Я смотрел на нее и не находил того, что знал всю жизнь, не мог понять, куда оно девалось, стало незнакомым. Не возраст меня оттолкнул, как он открылся моему помолодевшему зрению, а
незнакомость.Помню, посетил я через тридцать лет после того, как покинул, свою деревню, отчий дом. Скорчилась изба, одряхлела, но все-таки угадывались в ней родные приметы, щемяще тоскливо, а знакомо. Тут же самый близкий еще два часа назад человек — и ничего, пусто. Она тоже смотрит недоуменно и видит туманным своим зрением чужого, молодого, безусого…
— Вам кого, — спрашивает, — если, — называет мое имя-отчество, — то он выехал за город на три дня.

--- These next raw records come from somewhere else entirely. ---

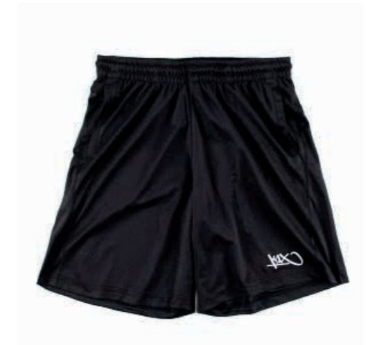
Hardwood Coaches Shorts 2212-4112
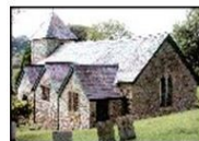
St Peter's Church, Bittadon, EX31 4HJ

Get-together for July to be arranged. No meeting in August.
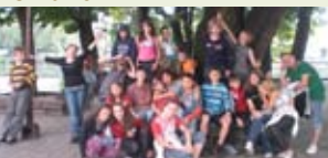
NOAM UK Israel Tour
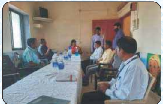
RKS Meeting at Nandgaon PHC Block Jawhar District Palghar on 10/2/2021
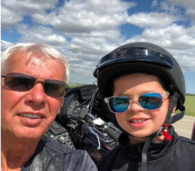
ST. ANDREWS RIDE

И медленно, как будто ждет от меня еще чего-то, закрывает дверь. Вот защелкнулся замок, вот ширкнула задвижка, вот удалились шаги. Я отмечаю, и ничего больше нет в голове, и в ногах окаменение — не двинутся. Вдруг с возмущением подумал: а чай? Как будто у меня из рук вырвали чашку с чаем, а мне кажется — по ошибке, надеюсь, что все сейчас наладится, опять пойдет по-заведенному. Этажом выше хлопнула дверь, я почему-то испугался, кинулся вниз и чуть не бегом выскочил из подъезда, а там со двора на улицу, словно надеялся, что подхватит меня общее ее движение и доставит к месту. Где же теперь мое место? Не оттого ли люди, дошедшие до крайности в домашней сваре, расхлестанные, выскакивают, сами не понимая зачем, на улицу. Выскакивают и, охваченные движущейся, пусть даже равнодушной к ним реальностью, возвращаются в колею, замечают свою расхлестанность, неуместность и отступают со стыдом ли, с просветлением ли. Я же поплыл вместе с улицей, только тогда понял, про какой загород, про какие три дня за городом сказала моя жена. Договорился с соседом по дому помочь ему оборудовать жилье на садовом участке и собирался ехать к нему сразу после бани, не заходя домой. Три дня, три дня, соображал я, три дня, а что дальше. Талдычил: три дня, три дня не хуже, чем Германн в «Пиковой даме» — три карты, и не исключено, что вслух — от ошарашенности. Ноги соображали лучше, чем голова, потому что совершенно не помню, как они привели меня на вокзал и посадили в электричку. И до самого садового участка вели меня не голова с глазами, а ноги с пятками. Соседа своего буду называть не его именем — Петровичем, Иванычем и по-другому, хоть Морковичем, чтобы не давать ни его, ни своего адреса и еще чтобы передать свое тогдашнее бесшабашное, озорное от молодости настроение. Увидел Петровича на его участке тоже как-то механически и сразу же брякнул.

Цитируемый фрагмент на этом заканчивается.